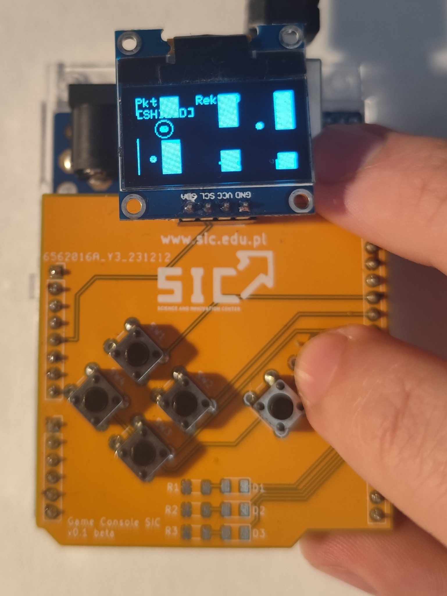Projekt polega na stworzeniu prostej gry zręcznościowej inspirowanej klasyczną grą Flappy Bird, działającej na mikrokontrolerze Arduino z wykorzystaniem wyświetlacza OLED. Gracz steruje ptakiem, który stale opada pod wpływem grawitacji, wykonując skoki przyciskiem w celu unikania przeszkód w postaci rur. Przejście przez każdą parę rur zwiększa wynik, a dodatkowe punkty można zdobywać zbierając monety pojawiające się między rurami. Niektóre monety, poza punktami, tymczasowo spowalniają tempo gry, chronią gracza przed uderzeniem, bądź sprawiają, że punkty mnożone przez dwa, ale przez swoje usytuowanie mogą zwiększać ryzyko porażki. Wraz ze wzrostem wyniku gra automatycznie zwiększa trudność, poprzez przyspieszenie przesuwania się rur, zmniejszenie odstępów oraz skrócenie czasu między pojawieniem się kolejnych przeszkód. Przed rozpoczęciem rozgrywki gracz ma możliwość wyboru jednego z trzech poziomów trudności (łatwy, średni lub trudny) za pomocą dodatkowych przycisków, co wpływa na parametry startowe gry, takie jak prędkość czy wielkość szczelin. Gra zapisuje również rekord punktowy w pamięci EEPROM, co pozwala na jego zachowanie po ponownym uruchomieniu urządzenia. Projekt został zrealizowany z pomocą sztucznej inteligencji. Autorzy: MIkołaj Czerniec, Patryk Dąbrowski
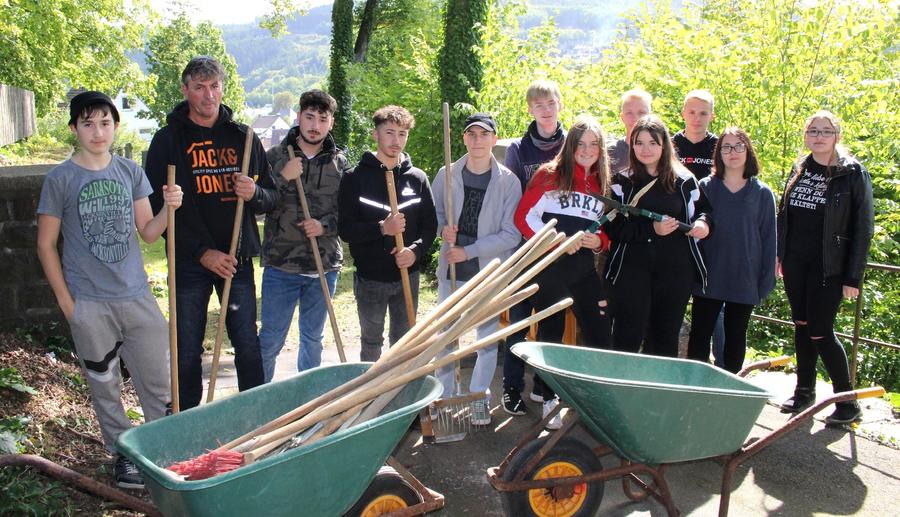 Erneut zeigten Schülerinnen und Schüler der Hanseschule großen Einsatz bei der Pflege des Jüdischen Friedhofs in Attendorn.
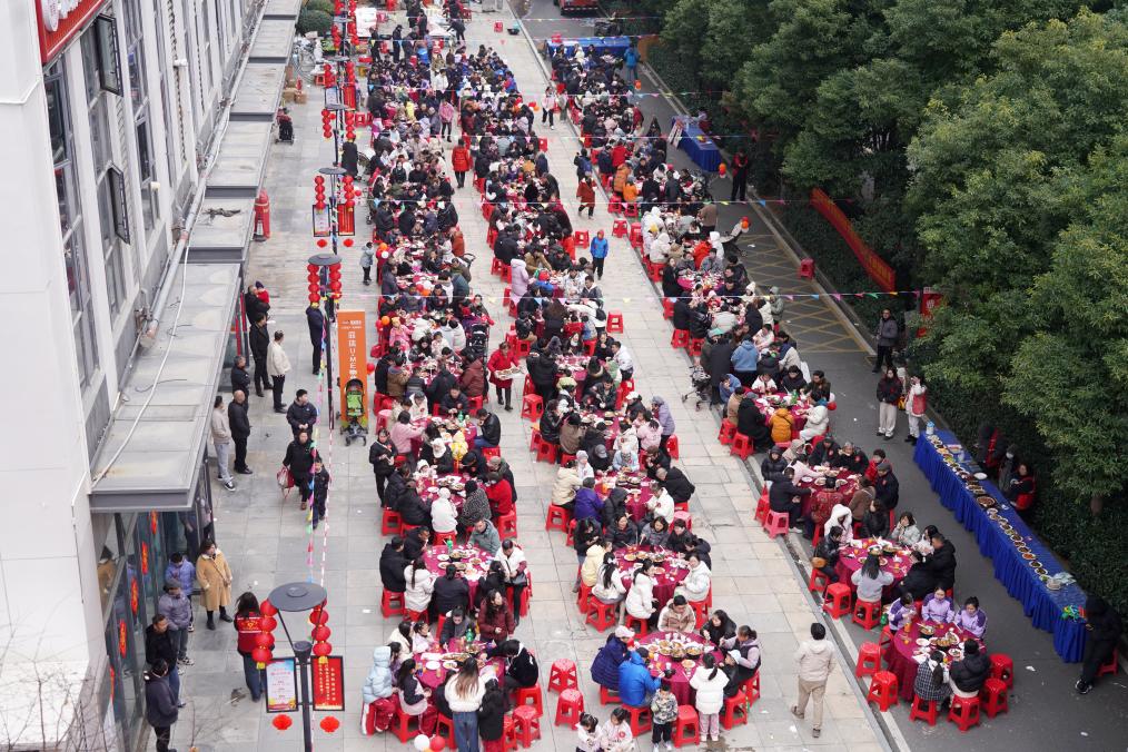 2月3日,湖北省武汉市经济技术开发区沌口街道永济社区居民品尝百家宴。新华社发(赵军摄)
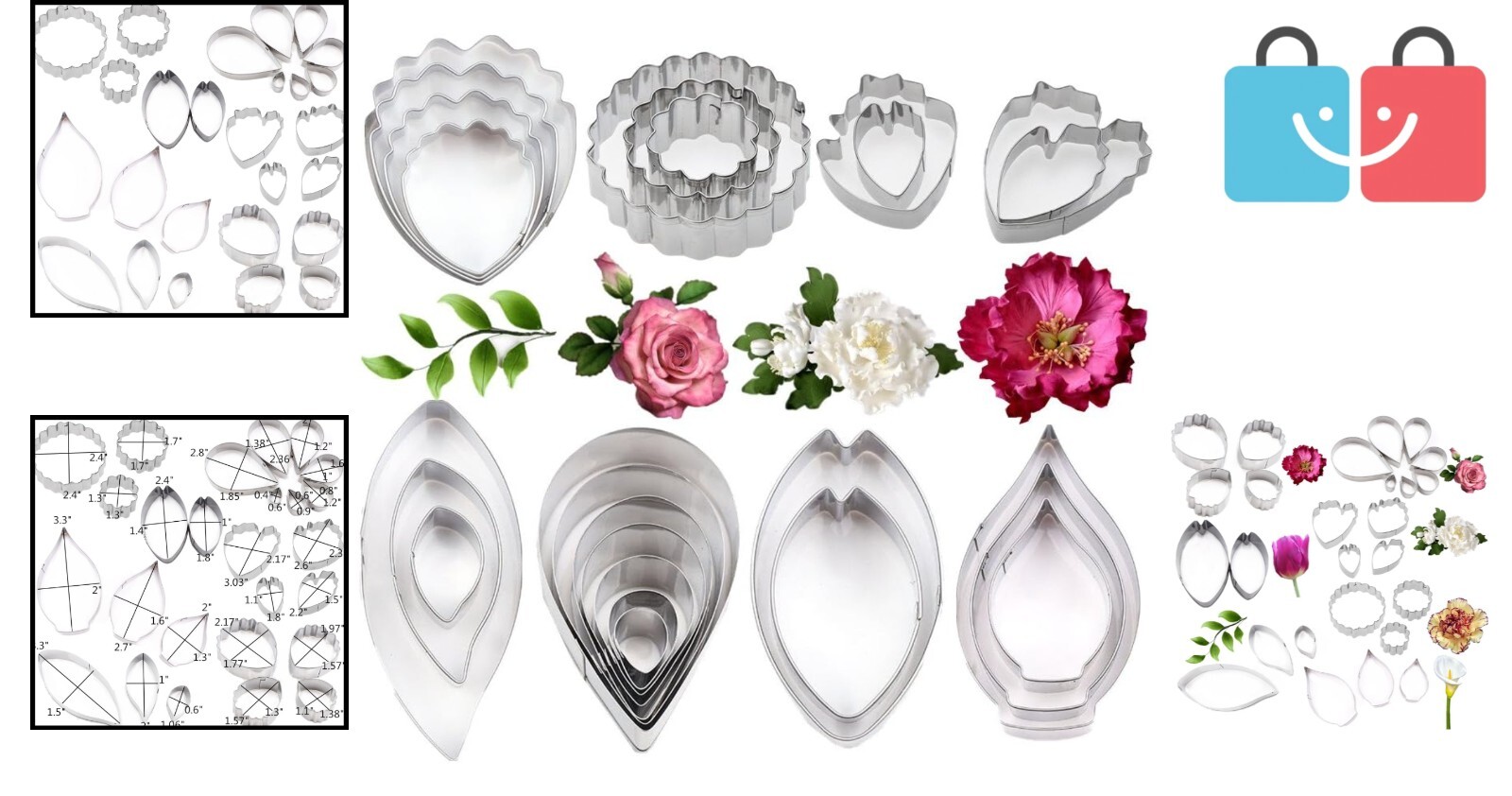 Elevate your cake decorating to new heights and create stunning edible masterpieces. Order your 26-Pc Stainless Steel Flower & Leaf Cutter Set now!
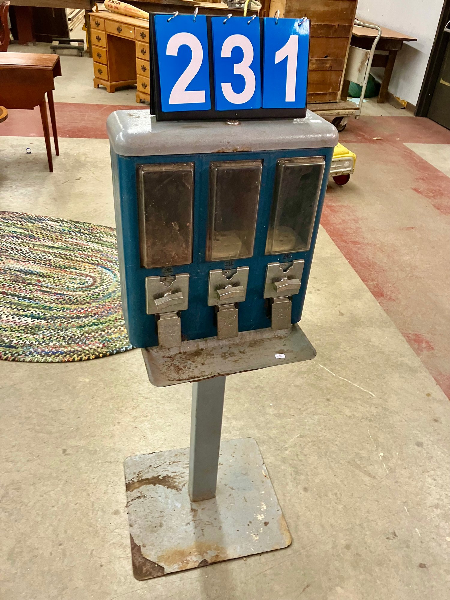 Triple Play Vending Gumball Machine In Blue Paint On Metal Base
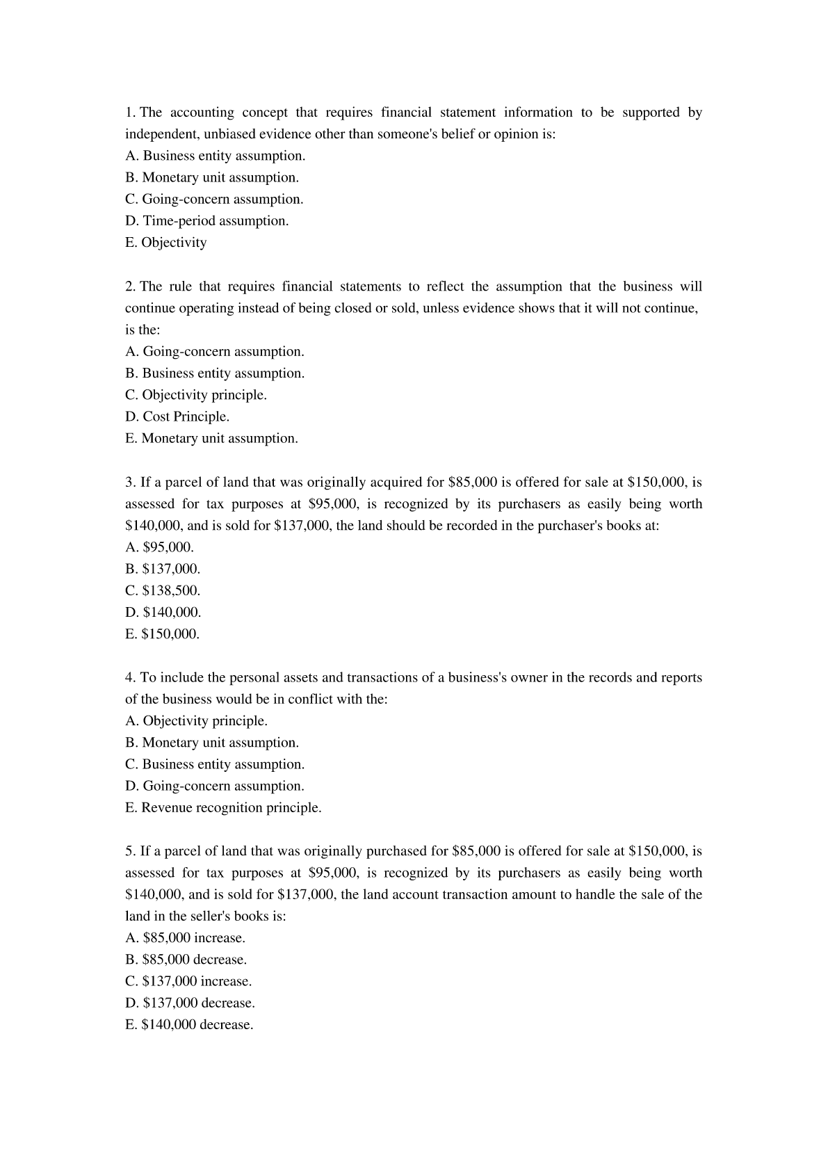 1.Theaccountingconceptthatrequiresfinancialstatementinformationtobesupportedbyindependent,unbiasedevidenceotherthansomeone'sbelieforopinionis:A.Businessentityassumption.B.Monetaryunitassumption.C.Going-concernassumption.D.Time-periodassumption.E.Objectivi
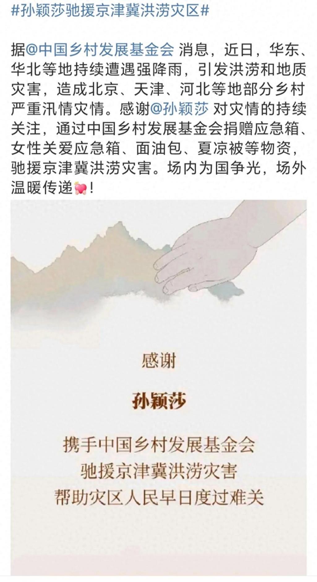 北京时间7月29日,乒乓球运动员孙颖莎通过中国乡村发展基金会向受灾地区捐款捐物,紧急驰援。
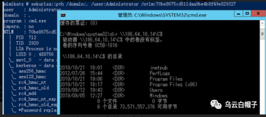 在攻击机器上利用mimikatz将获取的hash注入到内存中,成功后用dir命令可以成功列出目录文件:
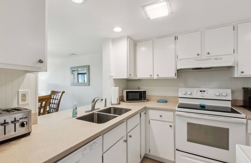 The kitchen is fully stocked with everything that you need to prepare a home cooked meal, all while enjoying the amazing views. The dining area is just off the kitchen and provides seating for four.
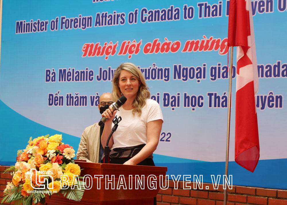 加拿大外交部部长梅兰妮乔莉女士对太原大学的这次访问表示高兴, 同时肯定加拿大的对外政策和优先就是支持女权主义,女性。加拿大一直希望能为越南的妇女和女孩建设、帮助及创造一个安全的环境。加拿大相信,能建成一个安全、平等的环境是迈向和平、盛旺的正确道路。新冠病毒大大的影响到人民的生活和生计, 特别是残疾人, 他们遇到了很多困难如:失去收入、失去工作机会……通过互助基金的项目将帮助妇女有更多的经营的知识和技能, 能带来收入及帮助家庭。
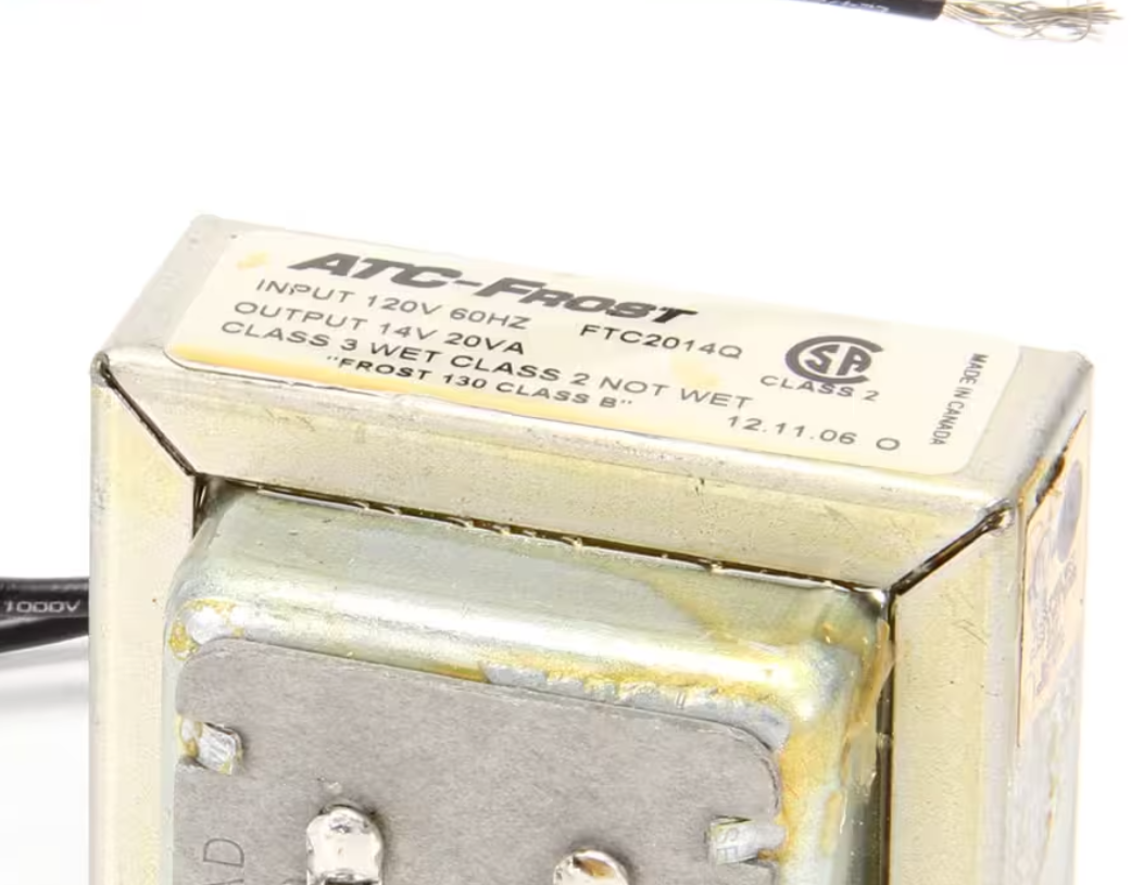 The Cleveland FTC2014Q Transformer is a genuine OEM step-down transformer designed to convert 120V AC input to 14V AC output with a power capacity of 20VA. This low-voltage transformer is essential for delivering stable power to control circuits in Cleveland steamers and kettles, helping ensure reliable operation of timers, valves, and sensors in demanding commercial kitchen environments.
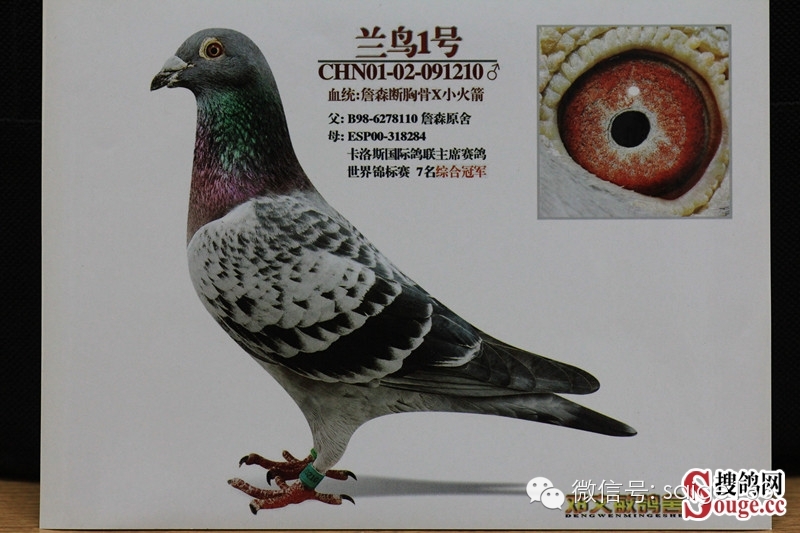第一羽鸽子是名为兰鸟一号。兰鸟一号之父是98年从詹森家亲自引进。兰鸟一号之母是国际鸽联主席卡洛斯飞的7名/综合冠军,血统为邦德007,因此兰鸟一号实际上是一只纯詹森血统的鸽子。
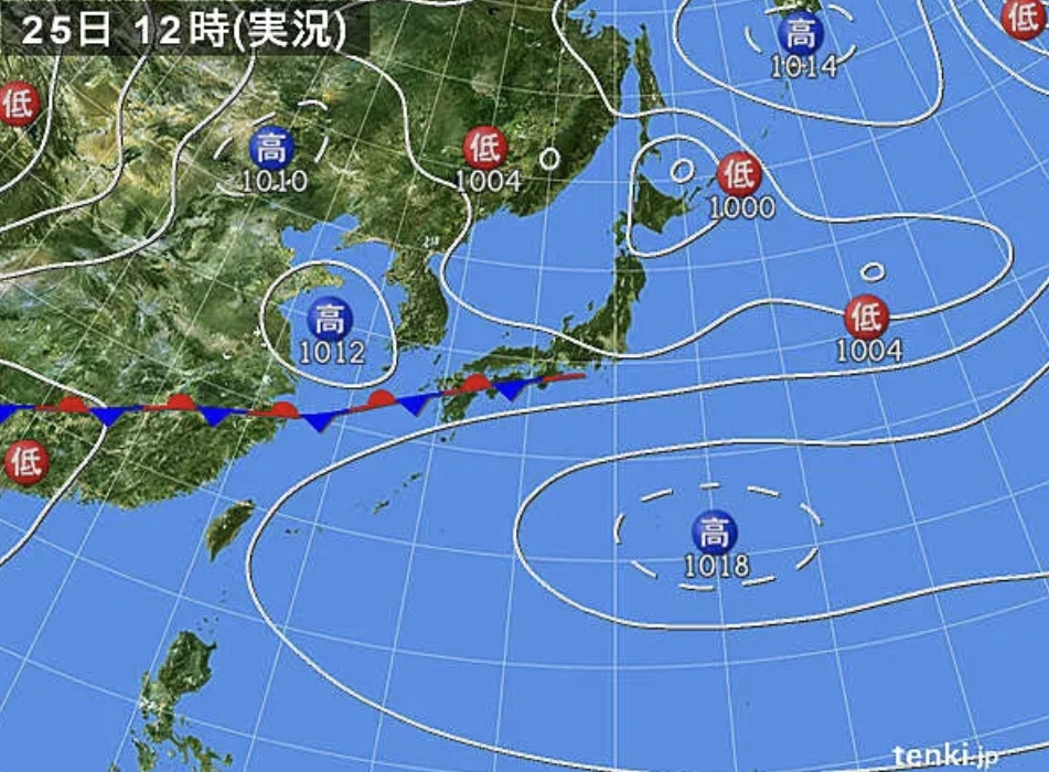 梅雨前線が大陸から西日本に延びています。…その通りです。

• **Problem statement**
Exact repetition of all the records is required, with the pictures excluded.

• **Response box**
Projekt polega na stworzeniu prostej gry zręcznościowej inspirowanej klasyczną grą Flappy Bird, działającej na mikrokontrolerze Arduino z wykorzystaniem wyświetlacza OLED. Gracz steruje ptakiem, który stale opada pod wpływem grawitacji, wykonując skoki przyciskiem w celu unikania przeszkód w postaci rur. Przejście przez każdą parę rur zwiększa wynik, a dodatkowe punkty można zdobywać zbierając monety pojawiające się między rurami. Niektóre monety, poza punktami, tymczasowo spowalniają tempo gry, chronią gracza przed uderzeniem, bądź sprawiają, że punkty mnożone przez dwa, ale przez swoje usytuowanie mogą zwiększać ryzyko porażki. Wraz ze wzrostem wyniku gra automatycznie zwiększa trudność, poprzez przyspieszenie przesuwania się rur, zmniejszenie odstępów oraz skrócenie czasu między pojawieniem się kolejnych przeszkód. Przed rozpoczęciem rozgrywki gracz ma możliwość wyboru jednego z trzech poziomów trudności (łatwy, średni lub trudny) za pomocą dodatkowych przycisków, co wpływa na parametry startowe gry, takie jak prędkość czy wielkość szczelin. Gra zapisuje również rekord punktowy w pamięci EEPROM, co pozwala na jego zachowanie po ponownym uruchomieniu urządzenia. Projekt został zrealizowany z pomocą sztucznej inteligencji. Autorzy: MIkołaj Czerniec, Patryk Dąbrowski
 Erneut zeigten Schülerinnen und Schüler der Hanseschule großen Einsatz bei der Pflege des Jüdischen Friedhofs in Attendorn.
 2月3日,湖北省武汉市经济技术开发区沌口街道永济社区居民品尝百家宴。新华社发(赵军摄)
 Elevate your cake decorating to new heights and create stunning edible masterpieces. Order your 26-Pc Stainless Steel Flower & Leaf Cutter Set now!
 Triple Play Vending Gumball Machine In Blue Paint On Metal Base
 1.Theaccountingconceptthatrequiresfinancialstatementinformationtobesupportedbyindependent,unbiasedevidenceotherthansomeone'sbelieforopinionis:A.Businessentityassumption.B.Monetaryunitassumption.C.Going-concernassumption.D.Time-periodassumption.E.Objectivi
 北京时间7月29日,乒乓球运动员孙颖莎通过中国乡村发展基金会向受灾地区捐款捐物,紧急驰援。
 在攻击机器上利用mimikatz将获取的hash注入到内存中,成功后用dir命令可以成功列出目录文件:
 The kitchen is fully stocked with everything that you need to prepare a home cooked meal, all while enjoying the amazing views. The dining area is just off the kitchen and provides seating for four.
 加拿大外交部部长梅兰妮乔莉女士对太原大学的这次访问表示高兴, 同时肯定加拿大的对外政策和优先就是支持女权主义,女性。加拿大一直希望能为越南的妇女和女孩建设、帮助及创造一个安全的环境。加拿大相信,能建成一个安全、平等的环境是迈向和平、盛旺的正确道路。新冠病毒大大的影响到人民的生活和生计, 特别是残疾人, 他们遇到了很多困难如:失去收入、失去工作机会……通过互助基金的项目将帮助妇女有更多的经营的知识和技能, 能带来收入及帮助家庭。
 The Cleveland FTC2014Q Transformer is a genuine OEM step-down transformer designed to convert 120V AC input to 14V AC output with a power capacity of 20VA. This low-voltage transformer is essential for delivering stable power to control circuits in Cleveland steamers and kettles, helping ensure reliable operation of timers, valves, and sensors in demanding commercial kitchen environments.
第一羽鸽子是名为兰鸟一号。兰鸟一号之父是98年从詹森家亲自引进。兰鸟一号之母是国际鸽联主席卡洛斯飞的7名/综合冠军,血统为邦德007,因此兰鸟一号实际上是一只纯詹森血统的鸽子。
 梅雨前線が大陸から西日本に延びています。…その通りです。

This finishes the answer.